You’re looking out for yourself above others. Nothing disconnects a leader more as to when they’re only looking out for their self. Being a leader is putting others first. Leaders give team members the glory and the recognition. Your team won’t succeed if you only look after yourself. Leaders look out and help their team rise to success.
You don’t lead by example. One the most powerful ways to lead is to lead by example. If you enforce a standard for the team, but you’re not following it, then it just shows that you are above the standard and them. Just like a child mimicking their parent, a team will mimic their leader. What you do, they will do. What you tolerate becomes the normal. If you have bad habits, they will adopt them because that’s the culture you have allowed to take over. Before you expect others to act the set standards be sure that you are doing so as well. Leaders lead by example.

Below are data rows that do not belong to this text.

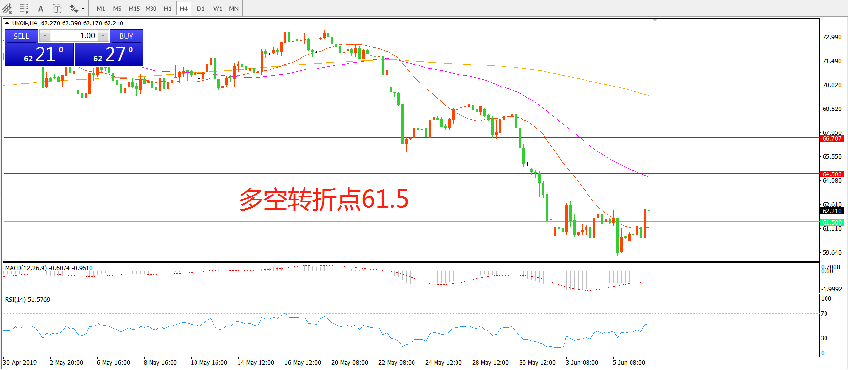 交易策略:在61.50之下看跌,目标57.50     53.00
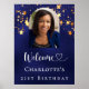 Bring warmth and elegance to your celebration space with this navy blue and gold star wall poster, featuring a beautiful arched photo frame and shimmering gold accents. The rich midnight blue tones and golden stars make it perfect for winter birthdays and evening events.
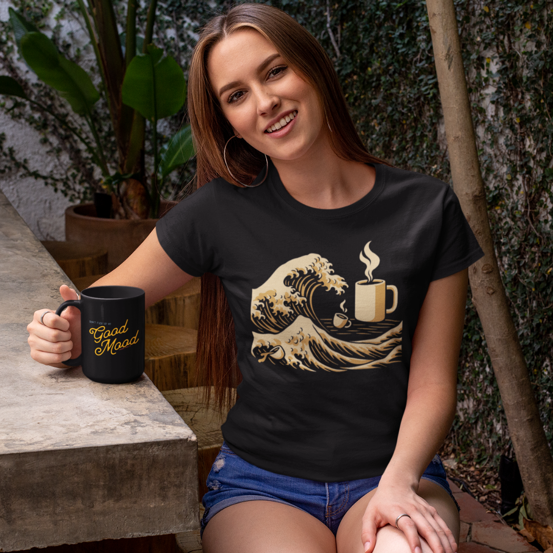 Inspired by Hokusai’s iconic “The Great Wave off Kanagawa,” this Overholt Supply Co. design takes a playful twist by swapping ocean water for steaming coffee. Frothy crests, coffee cups spilling over, and that unmistakable surge of energy we all know and love.
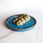 Рис, нори, сыр творожный, чука, такуан, икра тобико, лосось слабосоленый, соус терияки, соус кунжутный
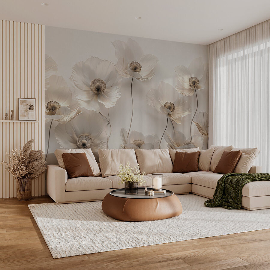 Fleur elke kamer op met deze prachtige muurschildering met een mooie groep witte bloemen die aanvoelt als een zachte lentebries. Stel je voor dat je de ruimte binnenstapt en begroet wordt door hun zachte elegantie, die een gevoel van rust brengt. Deze bloemen zijn niet alleen mooi, ze blazen leven in een saaie muur en veranderen hem in een gezellig hoekje van de natuur. Perfect voor een woonkamer of slaapkamer, ze zullen niet alleen in het oog springen maar ook uitnodigen tot een gesprek. Wie wil er nou niet praten over die prachtige bloemen? Het is net alsof je een tuin binnenshuis hebt, zonder de gieter. Voeg een vleugje eigenzinnigheid en charme toe met deze muurschildering en laat de bloemenmagie zich ontvouwen.
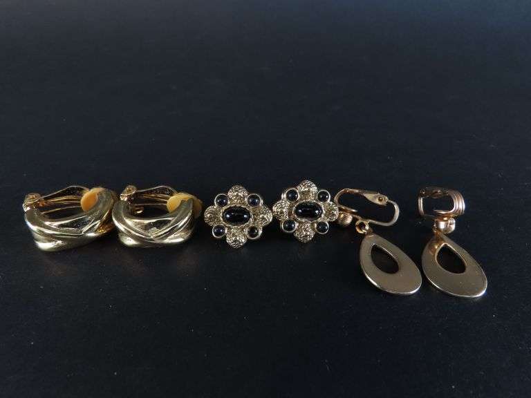 LOT 345 - 3 Pairs of Gold Tone Clip Earrings
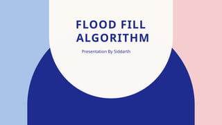 The document explains the flood fill algorithm, which fills a connected area with a specific color or pattern starting from a designated point. It details both 4-connected and 8-connected pixel scenarios and provides algorithms for both types, including examples of applications in image editing and game development. The document concludes with a specific example illustrating the algorithm's application on a matrix of colors.
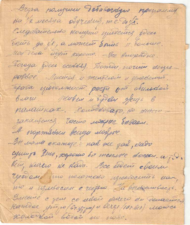 Вчера получил добавочную программу на ½ месяца обучения, т.е. до 1/x. Следовательно кому-то придется здесь быть до 1/x, а может быть и больше. Мои дела идут хорошо. Все в порядке. Погода здесь осенняя. Дожди, почти непрерывные. Листья и желтеют и зеленеют. Трава продолжает расти от обильной влаги. Живем и будем жить в палатках. Холодновато, но ничего закаляемся. Часто мокрые бываем. А портянки всегда мокрые. Вы мама скажите: как же так надо сушить. Что, хорошо бы теплые носки и т.д. Нет, ничего не надо. Все идет своим чередом. Что положено переносить нам, то и переносим с честью. На выносливость. Вместе с тем со мной ничего не делается. Каждое утро (6 ч.утра) и вечера (10ч. вечера) моюсь холодной водой по пояс.

I’m a millennial and all of the stereotypes you hear about us being entitled, selfish, lazy, uninspired is quite well, I guess you could say “doesn’t apply to all.” Maybe it does apply to some millennials. Maybe even most, but could it apply to other generations? Yes, it could.
I believe millennials want to see purpose in what they’re being told to do. They want to remove the “do more with less” mentality. Why is it always more with less? Why can’t it be do what’s possible with what you have?
Do millennials question what they do? I believe so. I certainly do, but it’s not to avoid doing it. It’s to question why it’s done this way when perhaps another way could be better. Easier. More resourceful. I mean, isn’t that what innovation is about? After all, didn’t that mentality birth the technology boom?
My work ethic is found on the same values of many previous generations. I believe in working hard for the things I want and deserve. I believe in contributing. The world doesn’t owe me anything. I owe it. Why? Because we were never born to work individually. We were born to thrive as a team and with that, my attitude, my purpose is to help others be better, do better and know better. Life isn’t about me. It happens because of me and selfishness is not a normal operation of our hearts. It’s created and cultured from people who think of only themselves first. A toxic way to live. My children will learn to put others first even when others’ desire is to take, take, take. When my eulogy is read I will not be known as the dude that only thought about himself above others. What a horrible way to be remembered, but yet, there are those who choose to live that way.
What does this have to do with millennials? Perhaps we’ve been trying to contain them into a society that doesn’t want change. A culture content with how things are. Perhaps the millennials have it right and the rest of the world has it wrong. We’ve evolved this far. Why stop here? Millennials are the future leaders. Regardless if you think they feel entitled, you have to lead them. YOU have to be selfless and help develop them to be successful when they do transition into leading. When they question things, educate them. When they have ideas, listen to them. When they challenge the status quo, learn from a viewpoint that isn’t yours. Use their perspective and strengths to mold them into leaders.
So we have some, maybe most, that really do want bean bags in the office and free stuff, but their capability is no different than any other generation. I’m not trying to justify those that really do act selfishly and feel entitled, but there are some us that don’t act in ‘that’ way.
Leadership is universal. It applies to every generation and no matter what a generation is like, leadership could be the answer to moving them forward. So lead well.